> [How to complete this task]: I'd like the data beneath this line reproduced exactly, without any of its images.

> [Dataset section]:

- - - - -

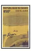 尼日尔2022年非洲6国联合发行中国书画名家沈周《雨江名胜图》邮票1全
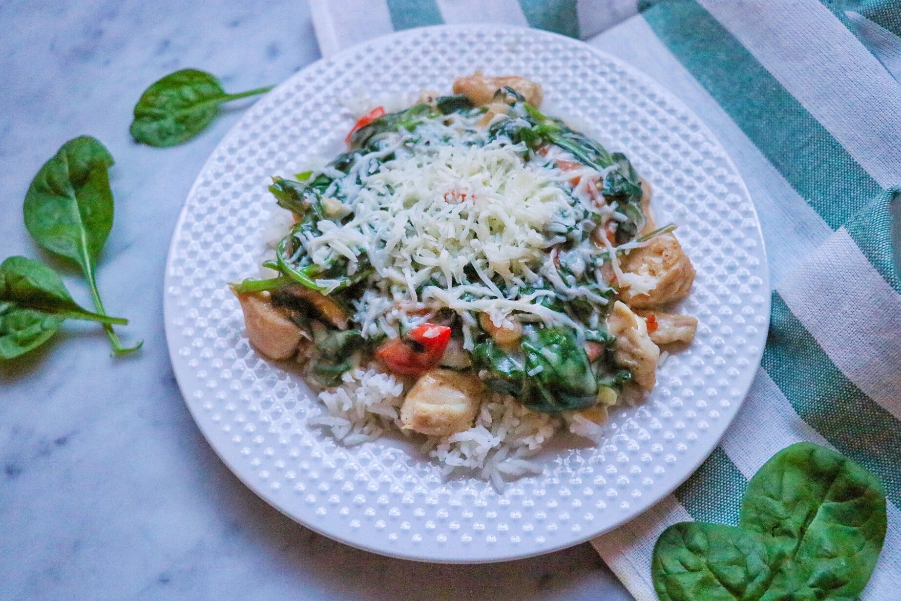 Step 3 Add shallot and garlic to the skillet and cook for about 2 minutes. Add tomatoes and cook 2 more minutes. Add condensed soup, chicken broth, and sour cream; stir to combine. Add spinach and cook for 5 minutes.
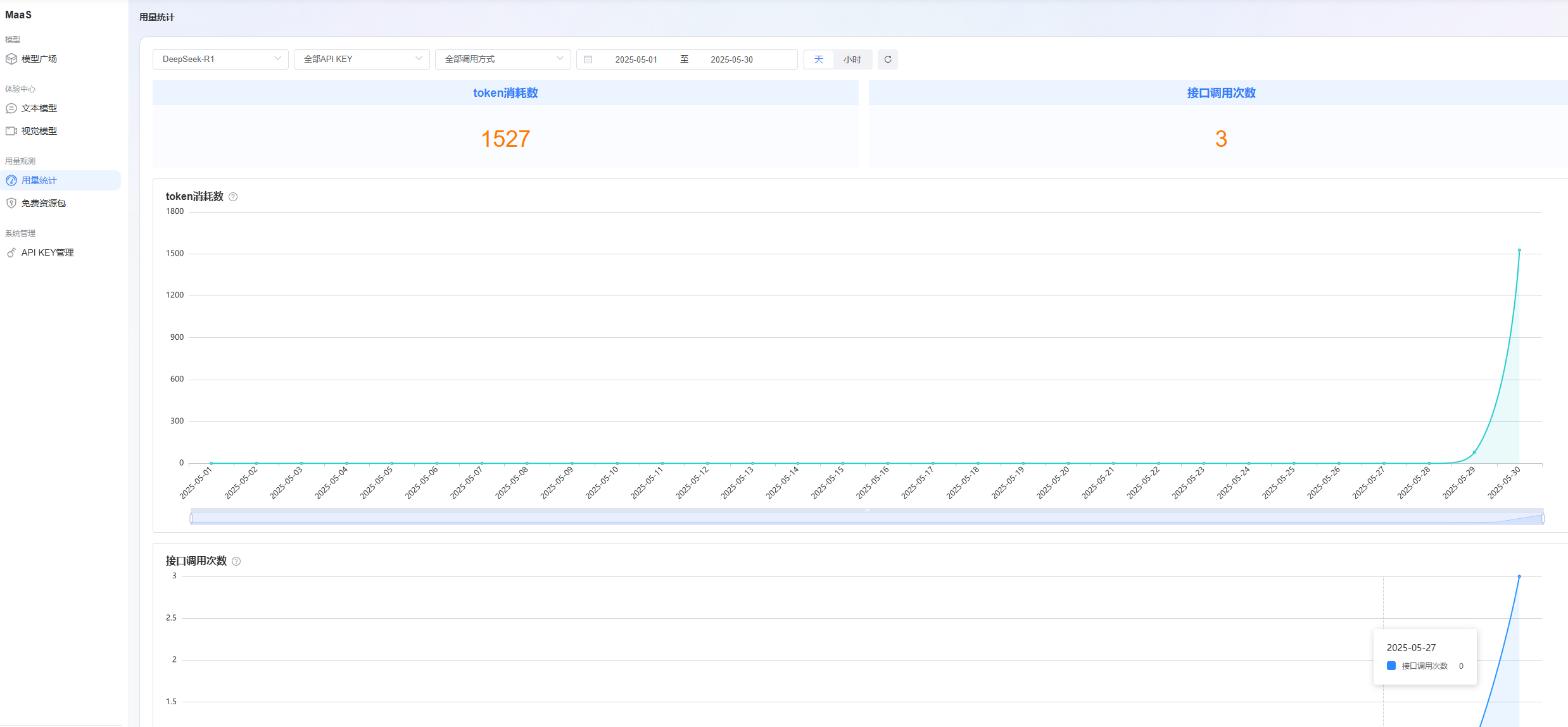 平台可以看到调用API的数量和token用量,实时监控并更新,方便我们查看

- - - - -

> [Response below]:
 尼日尔2022年非洲6国联合发行中国书画名家沈周《雨江名胜图》邮票1全
 Step 3 Add shallot and garlic to the skillet and cook for about 2 minutes. Add tomatoes and cook 2 more minutes. Add condensed soup, chicken broth, and sour cream; stir to combine. Add spinach and cook for 5 minutes.
 平台可以看到调用API的数量和token用量,实时监控并更新,方便我们查看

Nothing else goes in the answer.